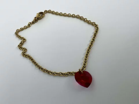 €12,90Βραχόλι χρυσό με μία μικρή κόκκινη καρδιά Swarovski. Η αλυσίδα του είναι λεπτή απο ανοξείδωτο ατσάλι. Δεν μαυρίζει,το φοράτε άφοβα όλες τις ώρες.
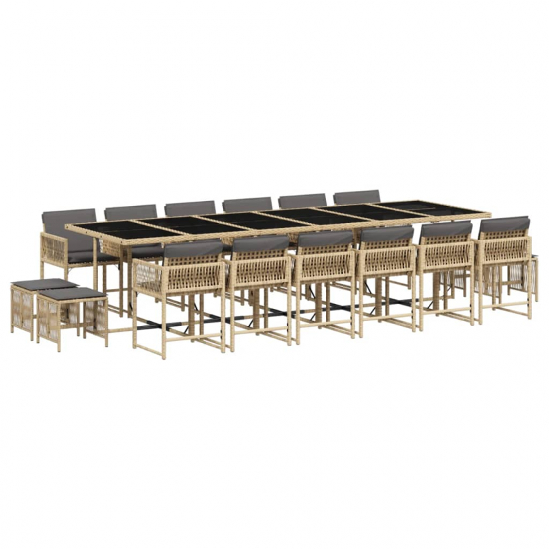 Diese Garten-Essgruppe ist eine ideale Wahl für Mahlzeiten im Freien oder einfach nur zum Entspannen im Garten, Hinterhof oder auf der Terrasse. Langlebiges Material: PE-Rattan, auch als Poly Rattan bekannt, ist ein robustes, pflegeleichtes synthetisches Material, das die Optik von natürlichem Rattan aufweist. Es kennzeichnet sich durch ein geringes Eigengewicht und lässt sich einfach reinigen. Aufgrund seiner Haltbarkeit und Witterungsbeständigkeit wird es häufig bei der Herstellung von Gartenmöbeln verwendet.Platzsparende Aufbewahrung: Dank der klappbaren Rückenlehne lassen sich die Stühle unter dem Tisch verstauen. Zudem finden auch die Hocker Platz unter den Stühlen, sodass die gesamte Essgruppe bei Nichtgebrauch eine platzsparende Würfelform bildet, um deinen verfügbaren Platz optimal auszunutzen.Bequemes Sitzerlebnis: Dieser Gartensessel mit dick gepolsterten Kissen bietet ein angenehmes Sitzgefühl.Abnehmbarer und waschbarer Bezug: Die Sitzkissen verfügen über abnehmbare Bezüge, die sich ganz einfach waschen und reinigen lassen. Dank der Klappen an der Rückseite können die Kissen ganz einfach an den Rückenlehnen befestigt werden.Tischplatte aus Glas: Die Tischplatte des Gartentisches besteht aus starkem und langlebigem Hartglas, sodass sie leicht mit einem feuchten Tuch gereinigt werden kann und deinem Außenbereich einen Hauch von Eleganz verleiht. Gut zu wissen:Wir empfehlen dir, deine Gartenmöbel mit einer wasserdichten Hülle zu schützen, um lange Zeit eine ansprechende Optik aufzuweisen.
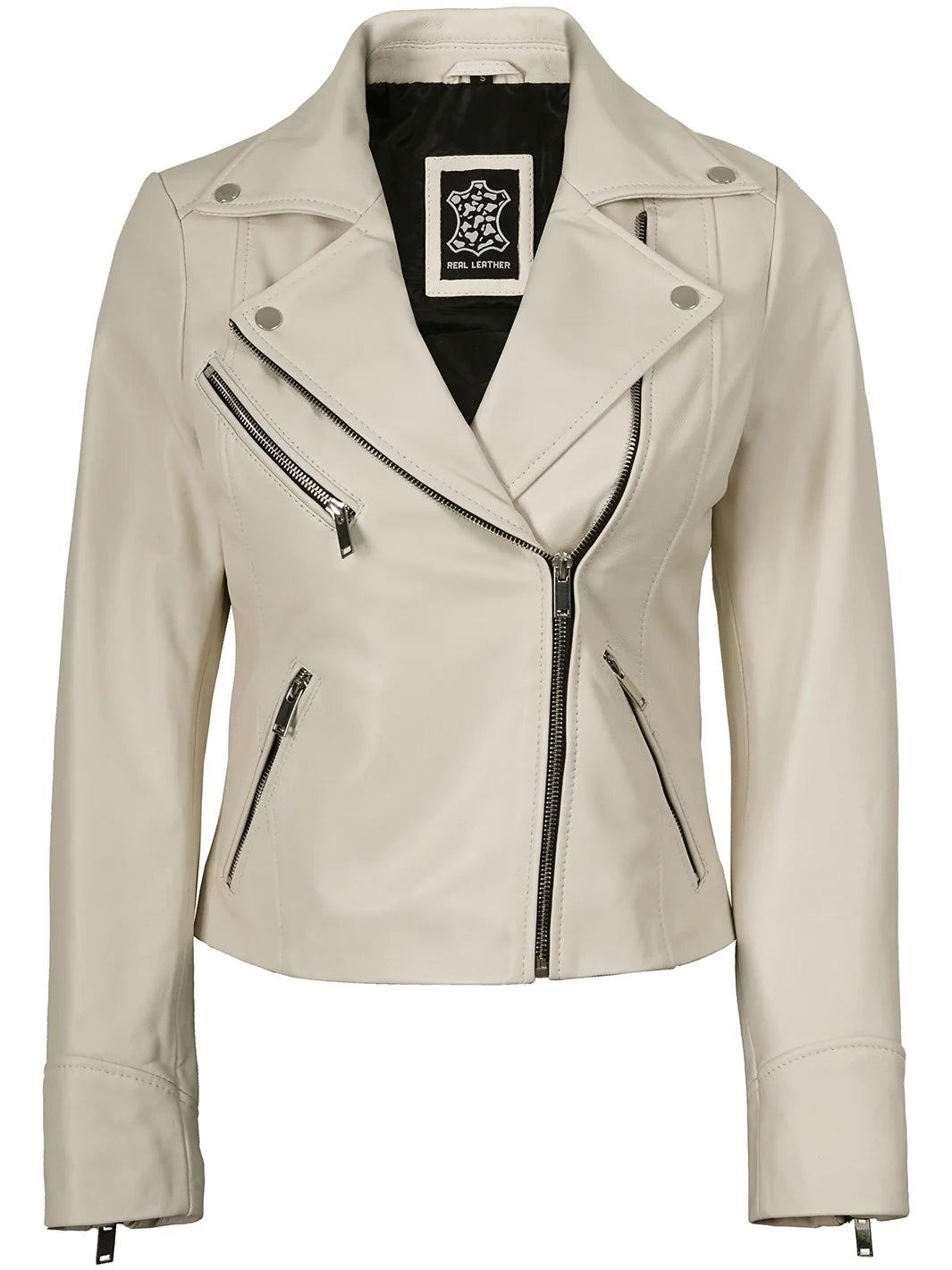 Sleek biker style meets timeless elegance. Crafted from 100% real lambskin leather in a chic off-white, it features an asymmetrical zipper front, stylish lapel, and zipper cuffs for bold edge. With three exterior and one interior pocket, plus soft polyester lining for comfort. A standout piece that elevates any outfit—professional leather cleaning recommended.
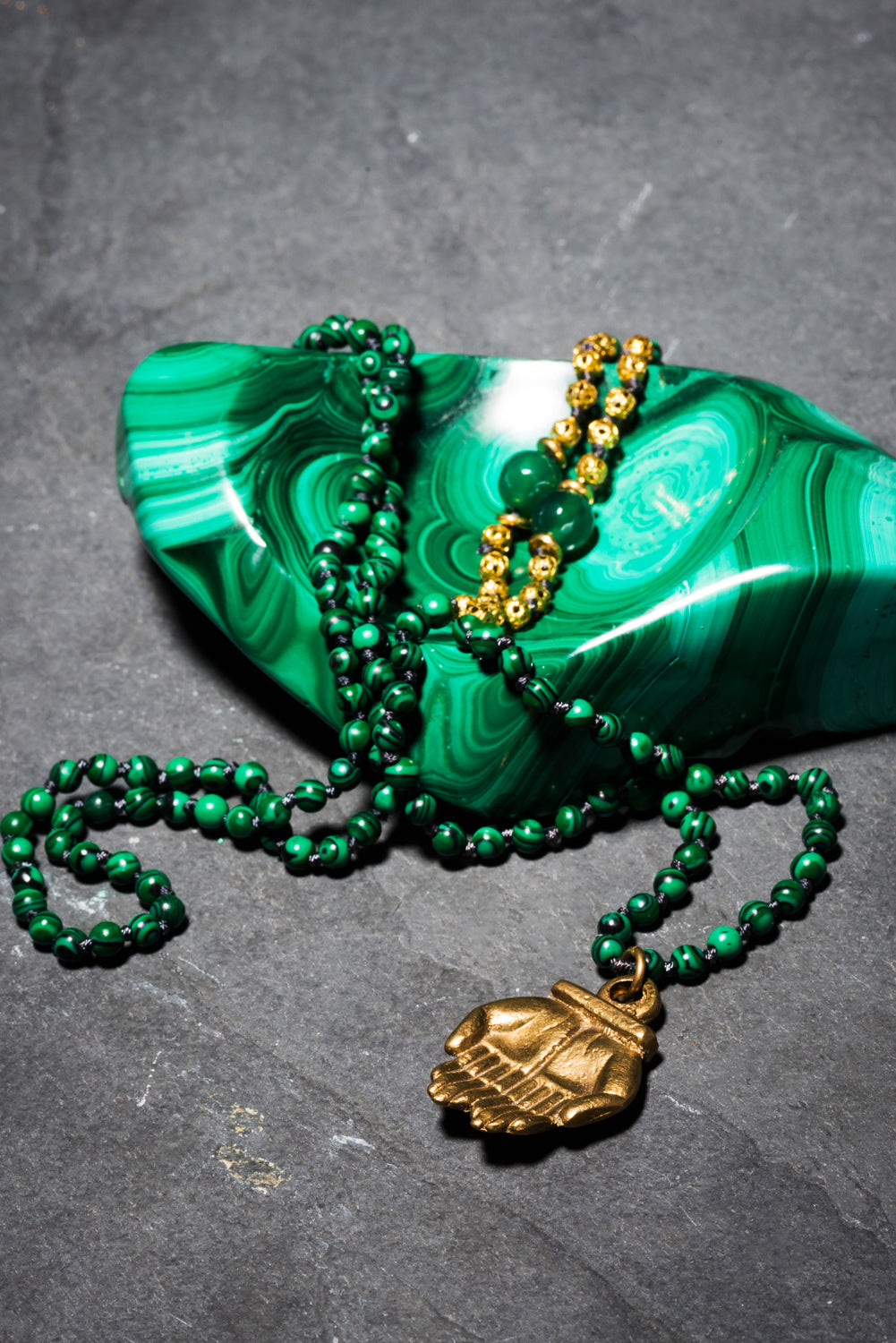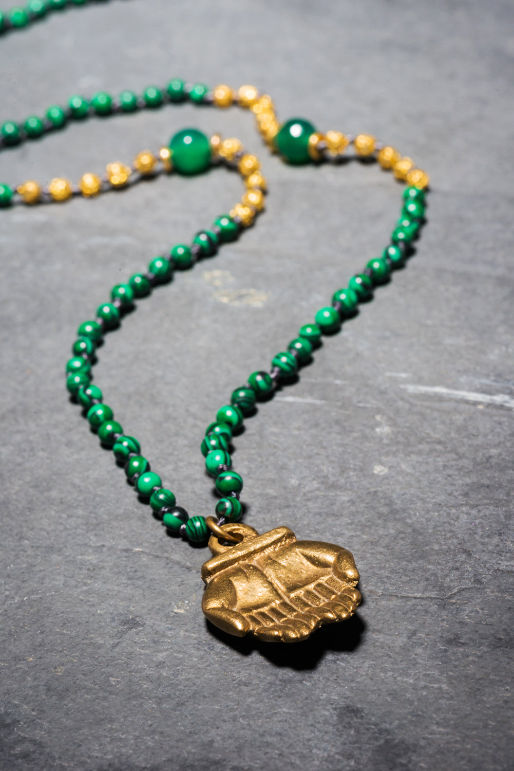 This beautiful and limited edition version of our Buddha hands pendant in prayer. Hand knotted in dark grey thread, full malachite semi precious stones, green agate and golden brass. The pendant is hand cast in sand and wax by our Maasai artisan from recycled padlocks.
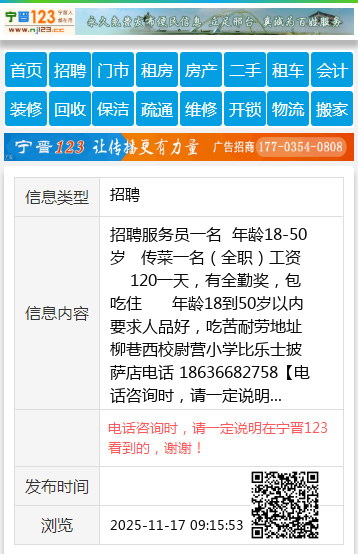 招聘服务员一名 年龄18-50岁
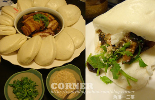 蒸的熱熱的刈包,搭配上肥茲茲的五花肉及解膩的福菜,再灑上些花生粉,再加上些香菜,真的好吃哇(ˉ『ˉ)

* * *

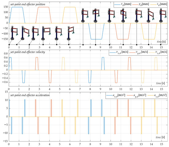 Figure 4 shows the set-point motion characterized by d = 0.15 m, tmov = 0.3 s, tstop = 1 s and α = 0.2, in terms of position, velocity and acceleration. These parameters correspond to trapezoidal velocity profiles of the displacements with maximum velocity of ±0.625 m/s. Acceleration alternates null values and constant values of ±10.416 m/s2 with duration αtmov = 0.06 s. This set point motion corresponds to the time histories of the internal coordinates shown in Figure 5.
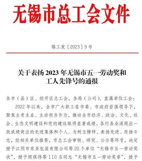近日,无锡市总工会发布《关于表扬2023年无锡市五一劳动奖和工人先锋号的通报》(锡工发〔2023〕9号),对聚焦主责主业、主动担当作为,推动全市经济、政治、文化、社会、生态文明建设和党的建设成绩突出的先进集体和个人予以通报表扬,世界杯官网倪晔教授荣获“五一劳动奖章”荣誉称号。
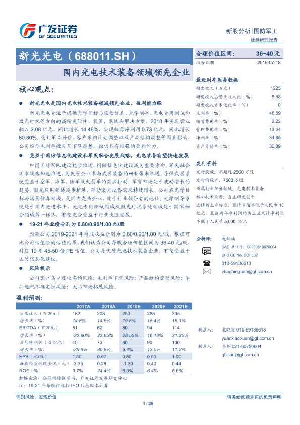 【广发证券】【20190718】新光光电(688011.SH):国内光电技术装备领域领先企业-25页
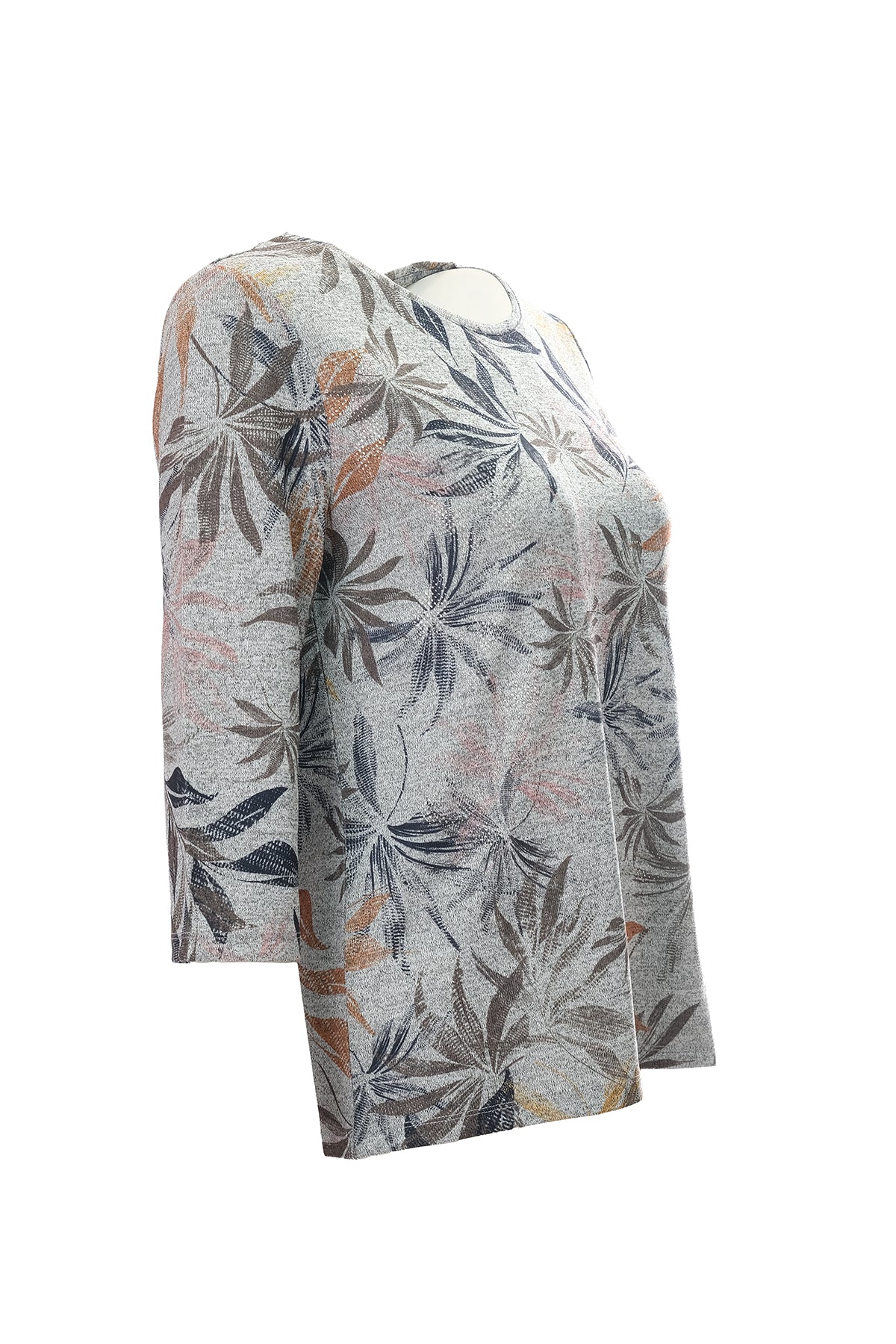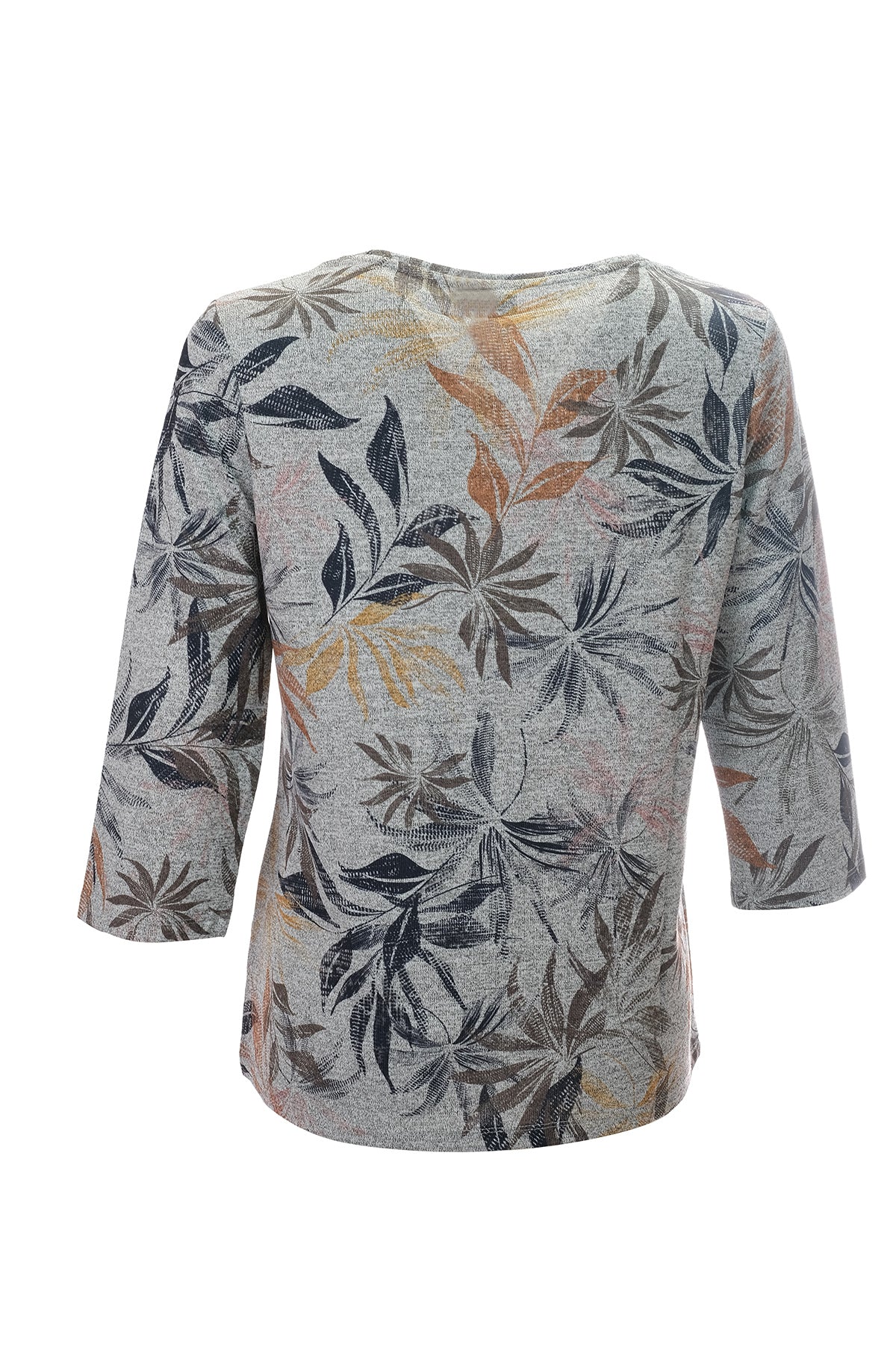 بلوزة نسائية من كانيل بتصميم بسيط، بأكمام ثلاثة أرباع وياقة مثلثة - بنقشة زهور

...

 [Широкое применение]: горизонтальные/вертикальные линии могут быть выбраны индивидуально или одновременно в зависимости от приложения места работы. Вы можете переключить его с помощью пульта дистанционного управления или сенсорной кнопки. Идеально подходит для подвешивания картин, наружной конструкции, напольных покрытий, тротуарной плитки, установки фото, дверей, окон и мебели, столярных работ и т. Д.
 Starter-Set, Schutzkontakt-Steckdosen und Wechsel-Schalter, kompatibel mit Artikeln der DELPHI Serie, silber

EXERCISE DETAILS:
In the data above, the stretch from the line with "Sleek biker style" through the line with "蒸的熱熱的刈包,搭配上肥茲茲" is to be returned exactly, minus any pictures.

RESULT OF THIS TASK:
 Sleek biker style meets timeless elegance. Crafted from 100% real lambskin leather in a chic off-white, it features an asymmetrical zipper front, stylish lapel, and zipper cuffs for bold edge. With three exterior and one interior pocket, plus soft polyester lining for comfort. A standout piece that elevates any outfit—professional leather cleaning recommended.
 This beautiful and limited edition version of our Buddha hands pendant in prayer. Hand knotted in dark grey thread, full malachite semi precious stones, green agate and golden brass. The pendant is hand cast in sand and wax by our Maasai artisan from recycled padlocks.
 招聘服务员一名 年龄18-50岁
 蒸的熱熱的刈包,搭配上肥茲茲的五花肉及解膩的福菜,再灑上些花生粉,再加上些香菜,真的好吃哇(ˉ『ˉ)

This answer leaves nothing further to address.